The big mounted bull elephant at the Field Museum is 10 feet tall at the shoulder and weighed 6 tons in life. Note Mike for scale on the lower right. He and the elephant are about equidistant from the camera, so he should make a roughly accurate scale bar. Photo from our visit in 2005!

* Two further notes: first, I have roughly a zillion awesome photos from that 2016 visit to the Museum of Osteology, both of the specimens and of Tyler and me measuring them – not having posted them yet is one of the things I was whingeing about in the post that kicked off our return-to-weekly-posting thing this year. And second, I owe a belated and public thanks to the folks at the Museum of Osteology for accommodating Tyler and me. They helped us with ladders and so on and basically gave us free rein to play with collect data from their mounted skeletons, which was incredibly generous and helpful, and fortunately reflects the pro-research and pro-researcher attitude of most museums.

Which dinos had four-foot femora?

As for what kind of dinosaur a four-foot femur could have come from, we can rapidly narrow it down to a handful of clades: sauropods, ornithopods, theropods, and stegosaurs.

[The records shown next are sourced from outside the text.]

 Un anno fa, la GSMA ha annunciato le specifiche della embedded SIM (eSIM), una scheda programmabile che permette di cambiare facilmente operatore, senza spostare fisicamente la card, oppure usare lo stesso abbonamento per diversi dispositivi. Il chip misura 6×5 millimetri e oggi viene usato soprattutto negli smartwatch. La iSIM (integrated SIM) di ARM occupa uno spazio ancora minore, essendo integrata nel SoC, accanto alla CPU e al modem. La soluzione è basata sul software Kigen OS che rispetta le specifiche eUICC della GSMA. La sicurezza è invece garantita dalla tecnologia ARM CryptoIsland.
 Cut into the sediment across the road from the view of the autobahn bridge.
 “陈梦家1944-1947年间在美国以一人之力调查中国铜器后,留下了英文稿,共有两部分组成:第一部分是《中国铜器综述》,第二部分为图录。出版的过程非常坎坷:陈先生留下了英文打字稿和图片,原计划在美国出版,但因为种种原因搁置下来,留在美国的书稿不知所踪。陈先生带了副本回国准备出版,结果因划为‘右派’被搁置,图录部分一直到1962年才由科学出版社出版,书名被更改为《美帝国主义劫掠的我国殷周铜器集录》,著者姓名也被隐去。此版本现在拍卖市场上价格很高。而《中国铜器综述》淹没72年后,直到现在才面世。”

  • Sauropods. The longest complete femora of Patagotitan are 238 cm (7 ft, 10 in; Carballido et al. 2017), and an incomplete femur of Argentinosaurus has an estimated complete length of 250 cm (8 ft, 2 in; Mazzetta et al. 2004). So a four-foot femur would not be from a particularly large sauropod – something about elephant-sized, as you might expect from the elephant comparison above. Our old friend Haplocanthosaurus will fit the bill, as we’ll see in a bit.
  • Ornithopods. Femora of 172 cm (5 ft, 8 in) are known for the hadrosaurs Shantungosaurus (Hone et al. 2014) and Huaxiaosaurus (Zhao and Li 2009), and Zhao et al. (2007) reported a 170 cm (5 ft, 7 in) femur for Zhuchengosaurus (Huaxiaosaurus and Zhuchengosaurus may be junior synonyms of Shantungosaurus). But those are all monsters, well over 10 metric tons in estimated mass. So a four-foot femur would be from a large but not insanely large hadrosaur.

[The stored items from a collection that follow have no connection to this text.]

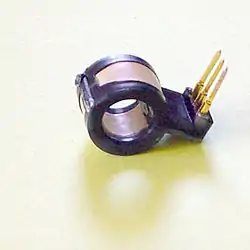 Integrating a Hall sensor into a ferrite ring (as shown) concentrates the flux density of the current's magnetic field along the ferrite ring and through the sensor (because flux flows through ferrite much better than through air),[25] which greatly reduces the relative influence of stray fields by a factor of 100 or better. This configuration also provides an improvement in signal-to-noise ratio and drift effects of over 20 times that of a bare Hall device.
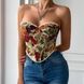 Vesta s potiskem květin, zavinovacím lemem a šněrováním ve francouzské niše s motivem rybí kosti 70112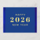 Happy New Year holiday postcard featuring blue colours with gold text. Great for those looking for holiday postcards to celebrate the new year. Nice blue colours. Custom text on the front and back of the card. Use the template to create your own custom Happy New Year holiday postcard.
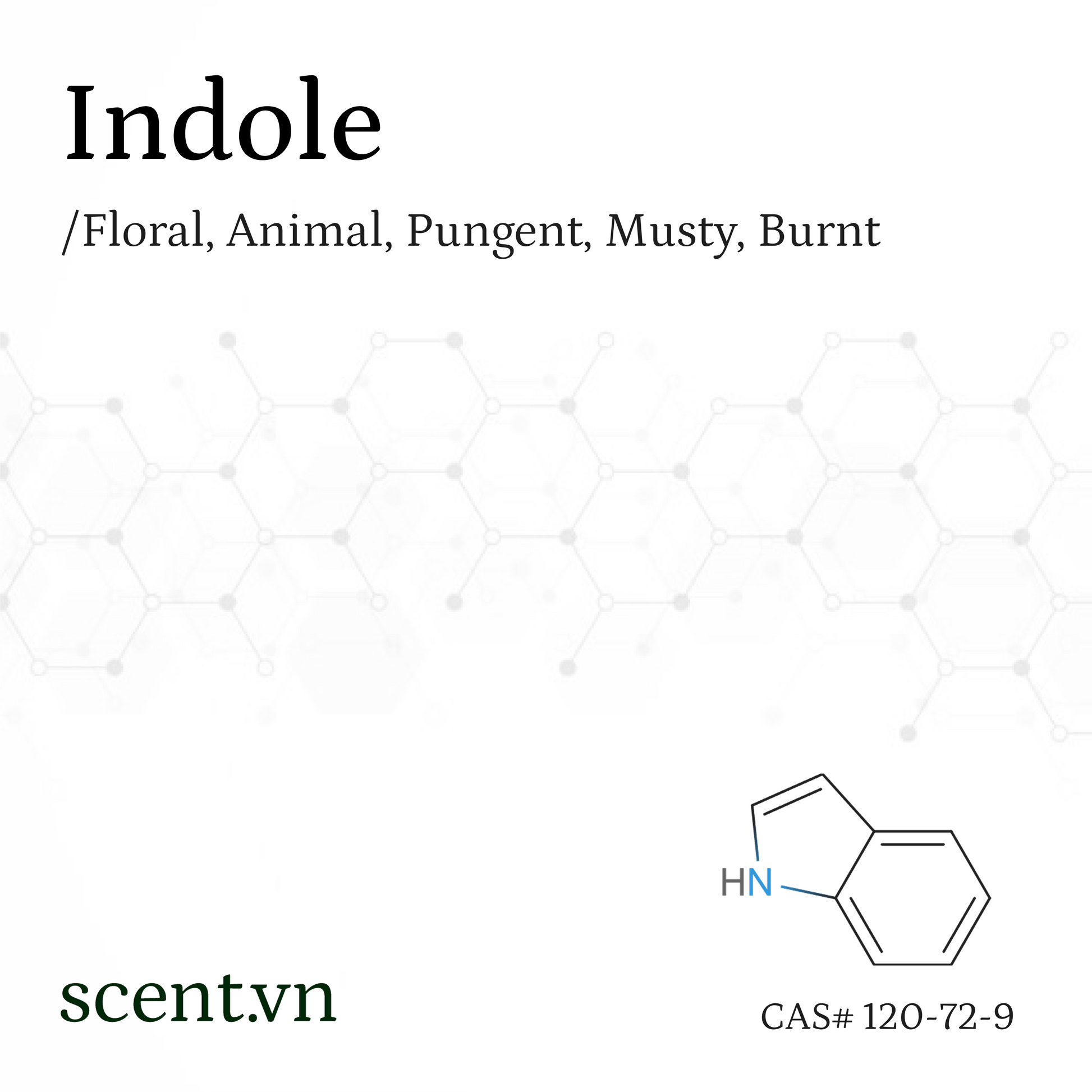 Indole là chất thơm có cấu trúc vòng dị hợp nitơ, xuất hiện tự nhiên trong hoa nhài, ngọc lan tây, sen… Ở nồng độ cao, indole mang sắc thái animalic–ấm, hơi “mộc” và u tối; nhưng khi dùng ở liều cực thấp, nó mở ra một diện mạo khác: ngọt kem, hoa trắng, phấn mịn và rất sang, giúp hương hoa trở nên chân thực và sống động.

Mmmmmm…suffering. OM NOM NOM NOM!!

  • Theropods. Among the largest theropods, the holotype of Giganotosaurus has a femur length of 143 cm (4 ft, 8 in; Coria and Salgado 1995), and ‘Sue’ the T. rex (a.k.a. FMNH PR2081) has a right femur 132 cm long (4 ft, 4 in; Brochu 2003). So a four-foot femur from a theropod would definitely be from one of the monsters. The femur of Saurophaganax was 113.5 cm long (Chure 1995), just under four feet, which I only note as an excuse to use the above photo, which I adore.
  • Stegosaurs. I don’t know the longest femur that has been recovered from a stegosaur, but getting in the ballpark is easy. NHMUK PV R36730 has a femur 87 cm long, and the whole animal was approximately 6 m long (Maidment et al. 2015). Partial bits and bobs of the largest stegosaurs suggest animals about 9 m long, implying a femur length of about 130 cm (4 ft, 3 in), or just over the line.

I think that’s it. I don’t know of any ceratopsians or ankylosaurs with femora long enough to qualify – I assume someone will let me know in the comments if I’ve forgotten any.

How much would a four-foot femur weigh?

There are a couple of ways to get to the answer here. One is to use Graphic Double Integration, which is explained in this post.

Limb bones are not solid – in terrestrial tetrapods there is virtually always a marrow cavity of some sort, and in marine tetrapods the limb bones tend to be cancellous all the way through. Estimating the mass of a limb bone is a lot like estimating the mass of a pneumatic bone: figure out the cross-sectional areas of the cortex and marrow cavity (or air space if the bone is pneumatic), multiply by the length of the element to get volumes, and multiply those volumes by the density of the materials to get masses. I piled up all the relevant numbers and formulas in Tutorial 24, a move that has frequently made me grateful to my former self (instead of cussing his lazy ass, which is my more usual attitude toward Past Matt).

Currey and Alexander (1985: fig. 1)

Sauropod limb bones are pretty darned dense, with extremely thick cortices and smallish marrow spaces that are not actually hollow (tubular) but are instead filled with trabecular bone. My gut feeling is that even a four-foot sauropod femur would be almost too heavy to lift, let alone wield as a club, so in the coming calculations I will err in the direction of underestimating the mass, to give our hypothetical caveman the best possible chance of realizing his dream.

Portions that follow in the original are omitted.